(Data supplied begins)
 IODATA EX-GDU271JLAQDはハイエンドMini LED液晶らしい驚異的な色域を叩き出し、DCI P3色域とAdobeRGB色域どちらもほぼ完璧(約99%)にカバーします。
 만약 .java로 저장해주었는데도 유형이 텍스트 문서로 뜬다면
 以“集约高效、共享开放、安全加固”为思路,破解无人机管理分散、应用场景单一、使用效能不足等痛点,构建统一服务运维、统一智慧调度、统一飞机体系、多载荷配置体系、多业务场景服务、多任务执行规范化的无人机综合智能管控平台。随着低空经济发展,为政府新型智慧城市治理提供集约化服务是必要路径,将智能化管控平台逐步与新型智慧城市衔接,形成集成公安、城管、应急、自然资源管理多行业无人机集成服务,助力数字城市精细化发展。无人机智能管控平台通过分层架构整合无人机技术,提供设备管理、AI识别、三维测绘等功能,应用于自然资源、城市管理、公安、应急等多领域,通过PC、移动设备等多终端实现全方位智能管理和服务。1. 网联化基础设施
(Data supplied ends)
(Data supplied begins)
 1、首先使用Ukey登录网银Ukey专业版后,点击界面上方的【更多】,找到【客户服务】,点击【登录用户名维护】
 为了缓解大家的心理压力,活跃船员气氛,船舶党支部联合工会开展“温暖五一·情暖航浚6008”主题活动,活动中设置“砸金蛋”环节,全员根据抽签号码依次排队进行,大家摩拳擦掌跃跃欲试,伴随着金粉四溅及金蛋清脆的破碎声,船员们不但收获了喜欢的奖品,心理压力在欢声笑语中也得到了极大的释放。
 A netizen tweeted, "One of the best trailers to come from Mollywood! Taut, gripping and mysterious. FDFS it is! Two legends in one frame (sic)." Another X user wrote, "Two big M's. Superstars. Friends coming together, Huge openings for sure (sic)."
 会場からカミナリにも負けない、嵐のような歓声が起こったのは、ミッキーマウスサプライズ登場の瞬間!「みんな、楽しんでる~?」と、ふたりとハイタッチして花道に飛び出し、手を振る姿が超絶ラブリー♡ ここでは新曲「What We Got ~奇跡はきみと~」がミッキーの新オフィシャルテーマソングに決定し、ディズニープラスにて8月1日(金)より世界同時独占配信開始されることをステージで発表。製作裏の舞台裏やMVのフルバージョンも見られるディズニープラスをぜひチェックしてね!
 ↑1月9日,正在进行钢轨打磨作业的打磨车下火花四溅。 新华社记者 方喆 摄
(Data supplied ends)
Task. Copy verbatim, from the listing above, each line from the one containing "为了缓解大家的心理压力,活跃" down to the one containing "of the best", inclusive.

Task result.
 为了缓解大家的心理压力,活跃船员气氛,船舶党支部联合工会开展“温暖五一·情暖航浚6008”主题活动,活动中设置“砸金蛋”环节,全员根据抽签号码依次排队进行,大家摩拳擦掌跃跃欲试,伴随着金粉四溅及金蛋清脆的破碎声,船员们不但收获了喜欢的奖品,心理压力在欢声笑语中也得到了极大的释放。
 A netizen tweeted, "One of the best trailers to come from Mollywood! Taut, gripping and mysterious. FDFS it is! Two legends in one frame (sic)." Another X user wrote, "Two big M's. Superstars. Friends coming together, Huge openings for sure (sic)."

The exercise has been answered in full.